ASSIGNMENT >>
Beginning with the line that includes "- Put your spaghetti" and ending with the last line, print the records exactly, leaving every picture out.

****************

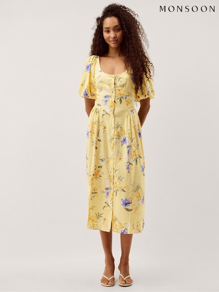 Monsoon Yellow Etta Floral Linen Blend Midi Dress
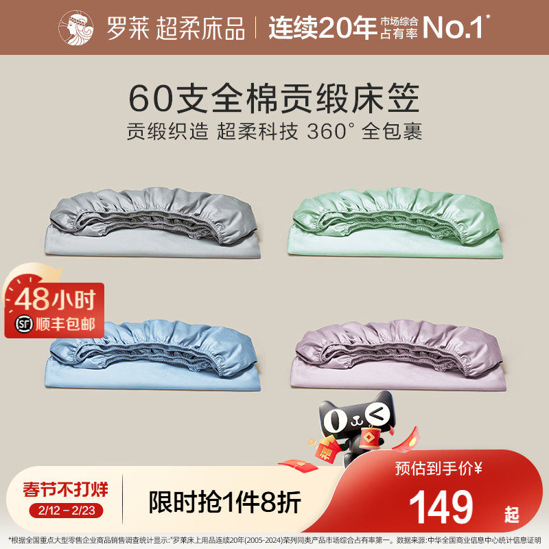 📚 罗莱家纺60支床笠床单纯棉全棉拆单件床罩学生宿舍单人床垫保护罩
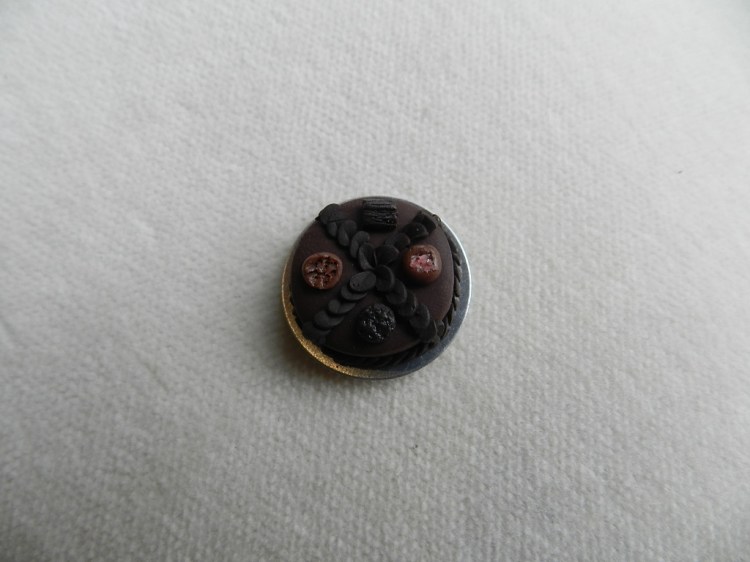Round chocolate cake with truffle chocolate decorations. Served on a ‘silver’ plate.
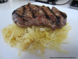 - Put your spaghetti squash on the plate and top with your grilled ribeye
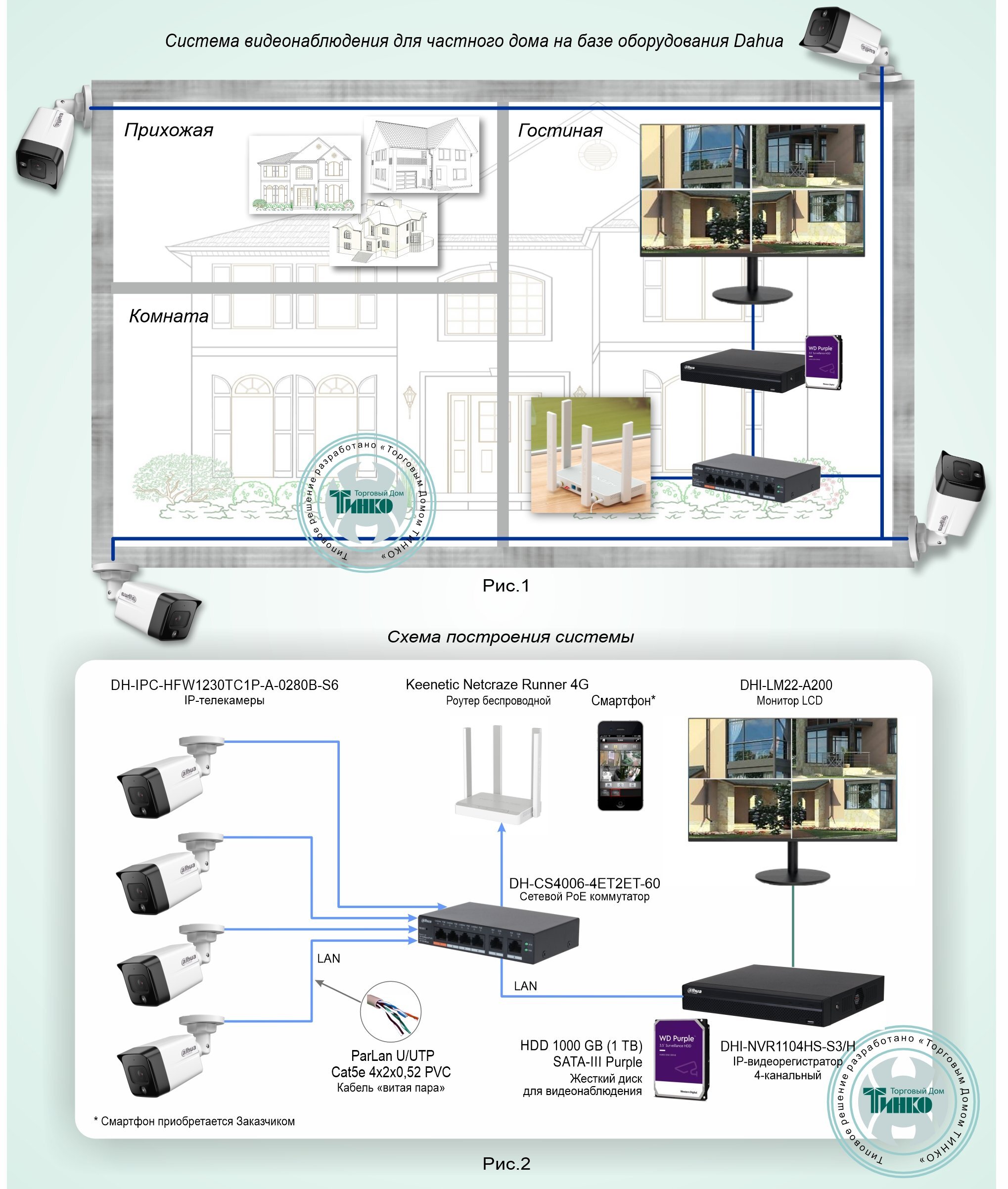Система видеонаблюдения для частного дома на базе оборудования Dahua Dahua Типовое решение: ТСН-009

****************

ANSWER BOX >>
 - Put your spaghetti squash on the plate and top with your grilled ribeye
Система видеонаблюдения для частного дома на базе оборудования Dahua Dahua Типовое решение: ТСН-009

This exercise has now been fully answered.